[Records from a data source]
+-------+
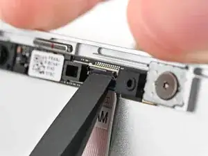 Вставьте плоский конец отвёртки Framework под кабель веб-камеры вблизи разъёма ZIF и поверните, чтобы выдвинуть разъём из гнезда.
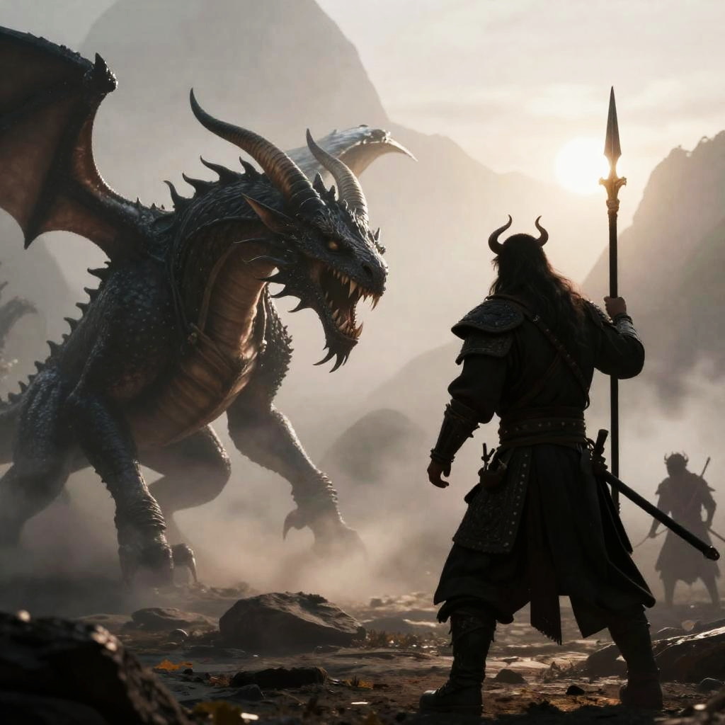 A dark, horned, dragon-like creature with long tendrils and sharp teeth on the left, facing a silhouetted warrior with horns, wielding a long spear, in a smoky, mountainous battlefield. The warrior stands ready, sunlight behind. Two figures, rocky ground, intense battle.
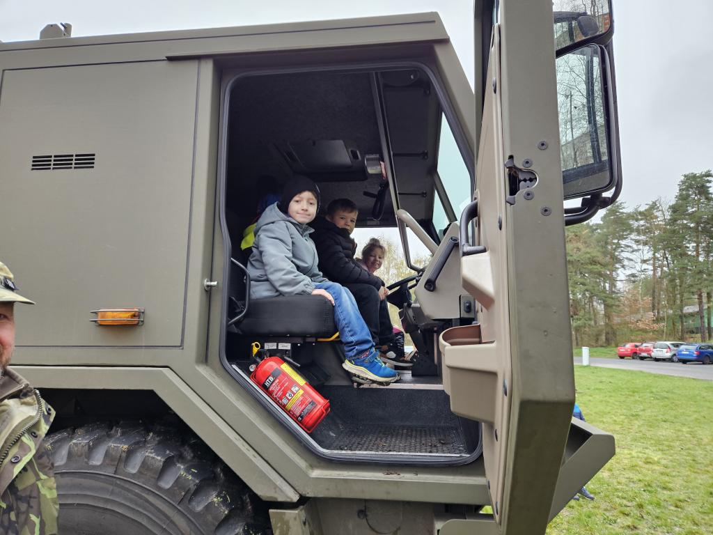 Za vyplněné pracovní listy jsme získali do třídy pexesa s vojenskou tematikou. Žáci též měli možnost nahlédnout přímo do vozu a posadit se za volant.
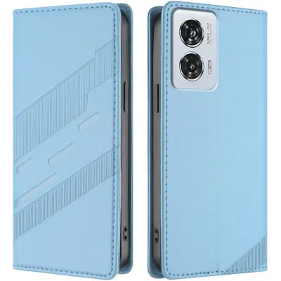 Phonesta Embossed Lines Book Wallet Klapphülle für Motorola Edge 50 Fusion - Hellblau
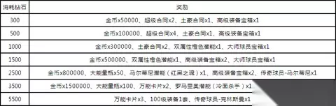 活动规则:活动期间,累计充值惊天回馈,土豪合同、高级装备、万能卡片、传奇球员范巴斯滕、里杰卡尔德等珍贵物品免费抱回家,伙伴们还等什么呢,赶紧来吧! 活动2:【累计消费大奖等你拿】 活动时间:1月26日15:00-1月29日15:00; 活动奖励:
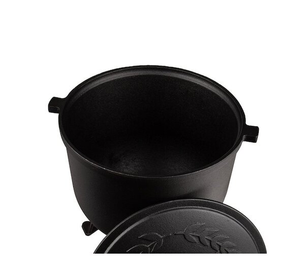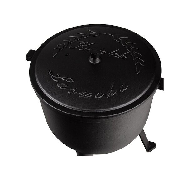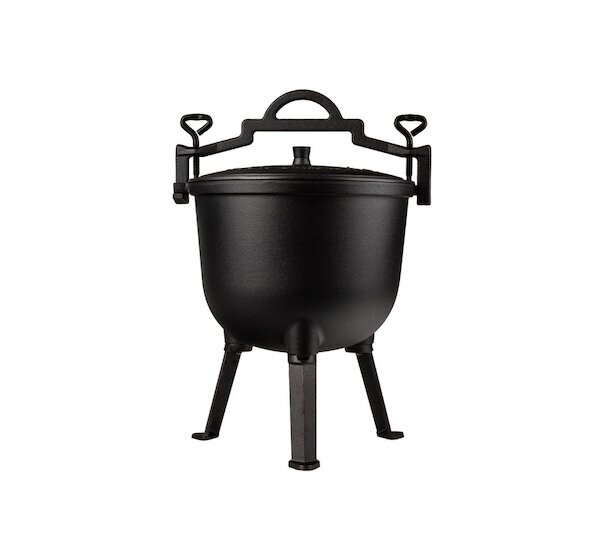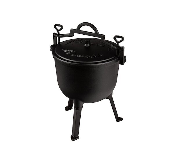 Litinový kotlík s objemem 10 litrů je robustní nádoba pro vaření nad otevřeným ohněm. Kombinace pevné litinové konstrukce s praktickými odnímacími nohami vytváří všestranné náčiní pro outdoorové vaření i zahradní akce.
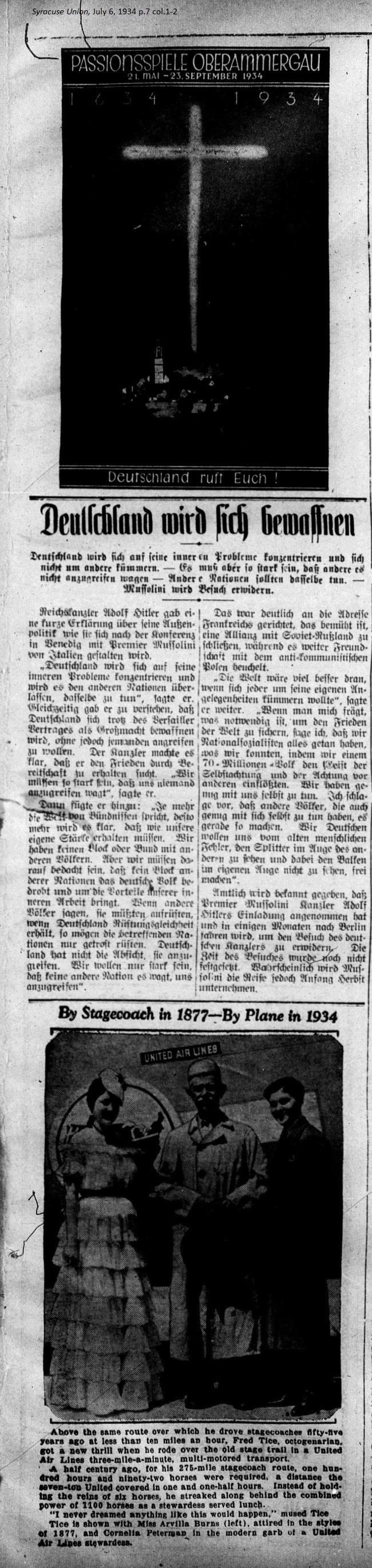 July 6, 1934 page 7 May 21st - September 23, 1934 1634 to 1934 Germany's Calling You! _____ Germany Will Rearm Itself _____ Germany will concentrate on its internal problems and not worry about others — However it must be so strong that others will not dare to attack it — Other nations have supposedly done the same — Mussolini will make a reciprocal visit _____ Reich Chancellor Adolf Hitler gave a brief explanation of his foreign politics as they will be presented at a conference in Venice with Mussolini of Italy. "Germany will concentrate on its internal problems and allow other nations to do the same," he stated. At the same time he gave to understand that despite the Versailles Treaty Germany will rearm itself as a great nation which no one else will want to attack. The Chancellor made it clear that he is seeking to maintain the peace through preparedness, "We must be so strong that no one dares to attack us." Then he added, "The more the world speaks of alliances, the more it becomes clear that we must gain our own strength. We have no block or alliance with other people. But we must be mindful that no block by other nations shall threaten the German people as we gain advantages by our internal work. When other people say they must upgrade their weapons if Germany gains weapon parity, then rest assured these other nations will build up their weaponry. Germany does not intend to attack them. We just want to be strong so no other nation will dare to attack us." It was clear that the speech was directed at France, which was attempting to seal an alliance with Soviet Russia while it pretended to have further friendship with anti-communist Poland. "The world would be better off if everyone would attend to their own affairs," he continued. "If you ask me what's necessary to secure world peace, I would say that we National Socialists have done everything we can to instill the spirit of self-respect in 70 million people and gain the respect of others. We have enough to do among ourselves. I suggest that other people who have enough to do within their own population, to just go do it. We Germans want to set ourselves free of the old human mistakes, no longer see ourselves as the splinter in the eyes of others and thus liberate ourselves from our own perceived barriers." It was offically acknowledged that Premier Mussollini had accepted Chancellor Hitler's invitation and come to Berlin in the next few months to reciprocate the visit by the German Chancellor. The time of the visit was not firmly established. Perhaps Mussolini will undertake the visit at the beginning of autumn. By Stagecoach in 1877 — By Plane in 1934 _____ A half cenury ago, for his 275 mile stagecoach route, one hundred hours and ninety-two horses were required, a distance the seven-ton United covered in one and one-half hours. Instead of holding the reins of six horses, he streaked along behind the combined power of 1100 horses as a stewardess served lunch, "I never dreamed anything like this would happen," mused Tice. Tice is shown with Miss Arvilla Burns (left), attired in the styles of 1877, and Cornelia Peterman in the modern garb of a United Air Lines stewardess. |
+-------+
What is being asked: I'd like the lines above repeated exactly, from the one that contains "Za vyplněné pracovní" through the one that contains "Litinový kotlík s", with no pictures.

Task response:
 Za vyplněné pracovní listy jsme získali do třídy pexesa s vojenskou tematikou. Žáci též měli možnost nahlédnout přímo do vozu a posadit se za volant.
 Phonesta Embossed Lines Book Wallet Klapphülle für Motorola Edge 50 Fusion - Hellblau
 活动规则:活动期间,累计充值惊天回馈,土豪合同、高级装备、万能卡片、传奇球员范巴斯滕、里杰卡尔德等珍贵物品免费抱回家,伙伴们还等什么呢,赶紧来吧! 活动2:【累计消费大奖等你拿】 活动时间:1月26日15:00-1月29日15:00; 活动奖励:
 Litinový kotlík s objemem 10 litrů je robustní nádoba pro vaření nad otevřeným ohněm. Kombinace pevné litinové konstrukce s praktickými odnímacími nohami vytváří všestranné náčiní pro outdoorové vaření i zahradní akce.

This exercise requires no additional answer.